**PROBLEM TO SOLVE:** The material below has pictures in it. Set down only the lines from the line containing "在拜师环节,徒弟们向师父献上" through the line containing "为深入贯彻落实习近平总书记关", word for word, and leave the pictures behind.
DATASET EXCERPTS Start Marker
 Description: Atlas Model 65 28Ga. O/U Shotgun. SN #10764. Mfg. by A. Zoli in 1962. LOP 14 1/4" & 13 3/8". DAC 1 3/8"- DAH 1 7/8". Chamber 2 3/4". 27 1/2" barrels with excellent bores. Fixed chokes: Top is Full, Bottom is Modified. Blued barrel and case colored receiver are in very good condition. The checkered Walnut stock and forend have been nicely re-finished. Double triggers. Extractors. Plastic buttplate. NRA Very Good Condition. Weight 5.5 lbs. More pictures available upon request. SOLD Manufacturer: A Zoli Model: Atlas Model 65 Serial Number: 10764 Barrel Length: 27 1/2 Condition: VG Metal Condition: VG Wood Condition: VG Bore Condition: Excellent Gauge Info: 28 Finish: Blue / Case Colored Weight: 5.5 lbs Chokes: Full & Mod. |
DATASET EXCERPTS End Marker
DATASET EXCERPTS Start Marker
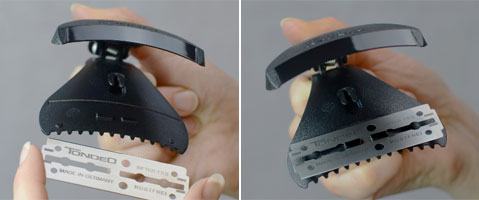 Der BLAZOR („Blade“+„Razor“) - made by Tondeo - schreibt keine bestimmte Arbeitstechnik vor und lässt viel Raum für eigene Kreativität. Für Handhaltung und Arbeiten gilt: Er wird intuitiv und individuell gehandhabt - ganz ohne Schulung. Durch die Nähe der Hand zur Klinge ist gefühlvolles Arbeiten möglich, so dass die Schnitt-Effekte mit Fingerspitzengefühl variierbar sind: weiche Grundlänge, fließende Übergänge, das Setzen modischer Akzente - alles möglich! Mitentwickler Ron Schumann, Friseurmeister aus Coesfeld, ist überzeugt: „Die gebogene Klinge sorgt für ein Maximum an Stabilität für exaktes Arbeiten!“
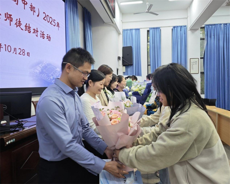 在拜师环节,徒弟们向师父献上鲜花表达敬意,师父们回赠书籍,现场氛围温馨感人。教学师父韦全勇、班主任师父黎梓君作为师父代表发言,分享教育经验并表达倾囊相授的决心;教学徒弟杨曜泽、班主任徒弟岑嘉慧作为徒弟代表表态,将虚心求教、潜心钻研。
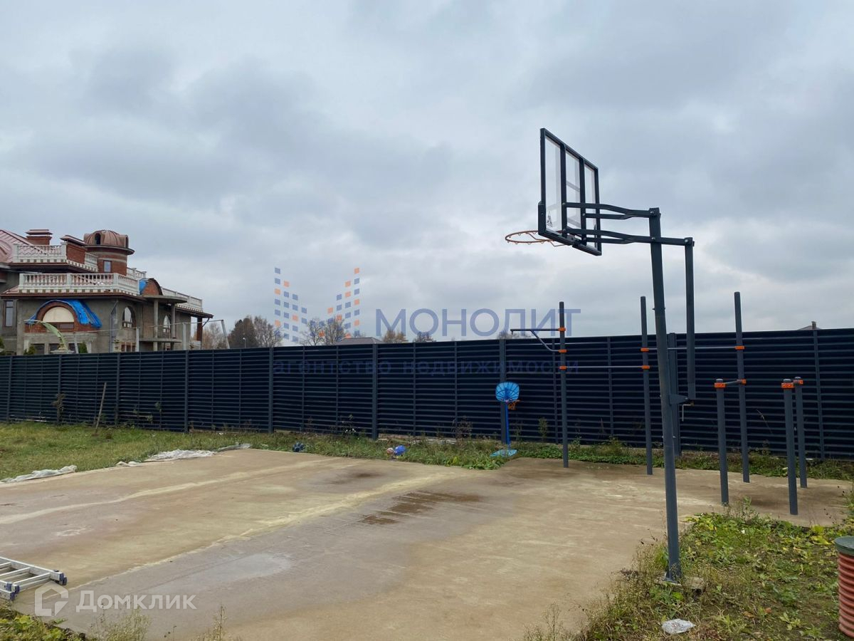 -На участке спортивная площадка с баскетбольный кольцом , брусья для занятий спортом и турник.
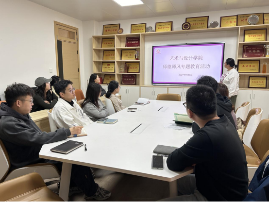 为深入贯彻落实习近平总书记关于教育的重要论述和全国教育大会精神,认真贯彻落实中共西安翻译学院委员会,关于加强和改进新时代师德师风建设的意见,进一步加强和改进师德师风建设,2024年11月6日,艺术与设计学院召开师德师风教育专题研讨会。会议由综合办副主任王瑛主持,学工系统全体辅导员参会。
DATASET EXCERPTS End Marker
DATASET EXCERPTS Start Marker
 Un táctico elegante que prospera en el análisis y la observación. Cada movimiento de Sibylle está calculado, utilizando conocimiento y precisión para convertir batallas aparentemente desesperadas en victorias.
DATASET EXCERPTS End Marker
**RESULT OF THE TASK:**
 在拜师环节,徒弟们向师父献上鲜花表达敬意,师父们回赠书籍,现场氛围温馨感人。教学师父韦全勇、班主任师父黎梓君作为师父代表发言,分享教育经验并表达倾囊相授的决心;教学徒弟杨曜泽、班主任徒弟岑嘉慧作为徒弟代表表态,将虚心求教、潜心钻研。
 -На участке спортивная площадка с баскетбольный кольцом , брусья для занятий спортом и турник.
 为深入贯彻落实习近平总书记关于教育的重要论述和全国教育大会精神,认真贯彻落实中共西安翻译学院委员会,关于加强和改进新时代师德师风建设的意见,进一步加强和改进师德师风建设,2024年11月6日,艺术与设计学院召开师德师风教育专题研讨会。会议由综合办副主任王瑛主持,学工系统全体辅导员参会。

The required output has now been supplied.